• [What you have to do]: Omit the images and output every line of the data below exactly.

• [Data segment]:
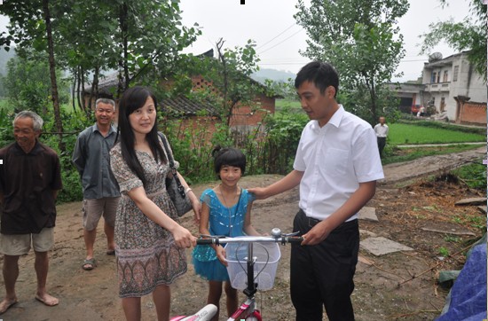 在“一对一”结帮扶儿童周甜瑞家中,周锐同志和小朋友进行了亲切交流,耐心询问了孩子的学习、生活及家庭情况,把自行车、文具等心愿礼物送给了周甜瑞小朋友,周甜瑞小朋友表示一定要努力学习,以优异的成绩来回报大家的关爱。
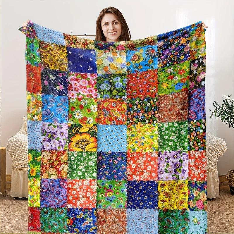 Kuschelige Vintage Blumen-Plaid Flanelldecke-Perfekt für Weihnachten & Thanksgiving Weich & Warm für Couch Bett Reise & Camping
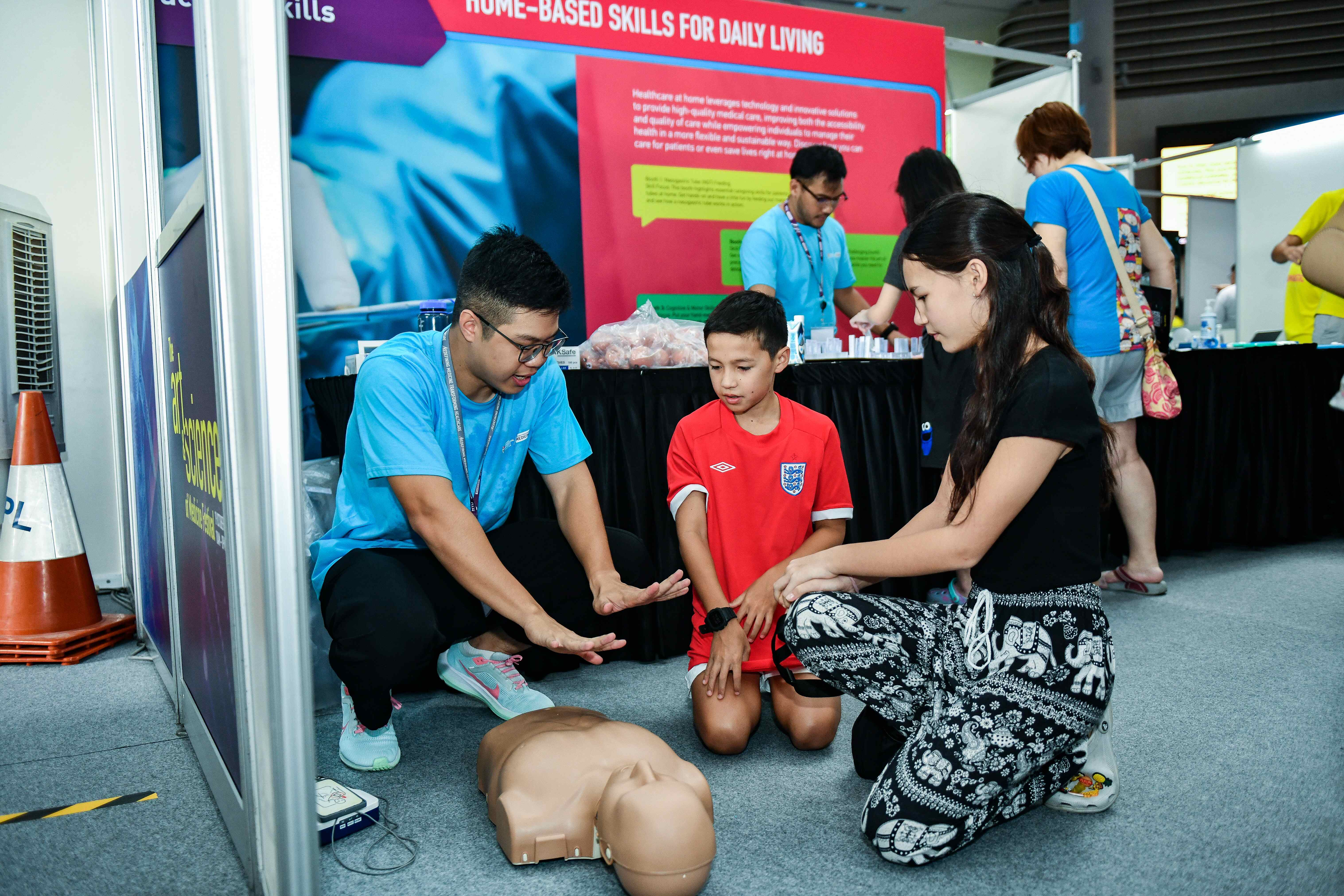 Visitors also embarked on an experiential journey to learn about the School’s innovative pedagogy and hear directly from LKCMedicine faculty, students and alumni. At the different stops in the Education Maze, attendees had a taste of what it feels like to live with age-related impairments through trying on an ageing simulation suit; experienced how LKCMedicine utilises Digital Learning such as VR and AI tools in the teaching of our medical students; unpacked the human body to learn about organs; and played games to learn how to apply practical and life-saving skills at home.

• [Solution to this exercise]:
 在“一对一”结帮扶儿童周甜瑞家中,周锐同志和小朋友进行了亲切交流,耐心询问了孩子的学习、生活及家庭情况,把自行车、文具等心愿礼物送给了周甜瑞小朋友,周甜瑞小朋友表示一定要努力学习,以优异的成绩来回报大家的关爱。
 Kuschelige Vintage Blumen-Plaid Flanelldecke-Perfekt für Weihnachten & Thanksgiving Weich & Warm für Couch Bett Reise & Camping
 Visitors also embarked on an experiential journey to learn about the School’s innovative pedagogy and hear directly from LKCMedicine faculty, students and alumni. At the different stops in the Education Maze, attendees had a taste of what it feels like to live with age-related impairments through trying on an ageing simulation suit; experienced how LKCMedicine utilises Digital Learning such as VR and AI tools in the teaching of our medical students; unpacked the human body to learn about organs; and played games to learn how to apply practical and life-saving skills at home.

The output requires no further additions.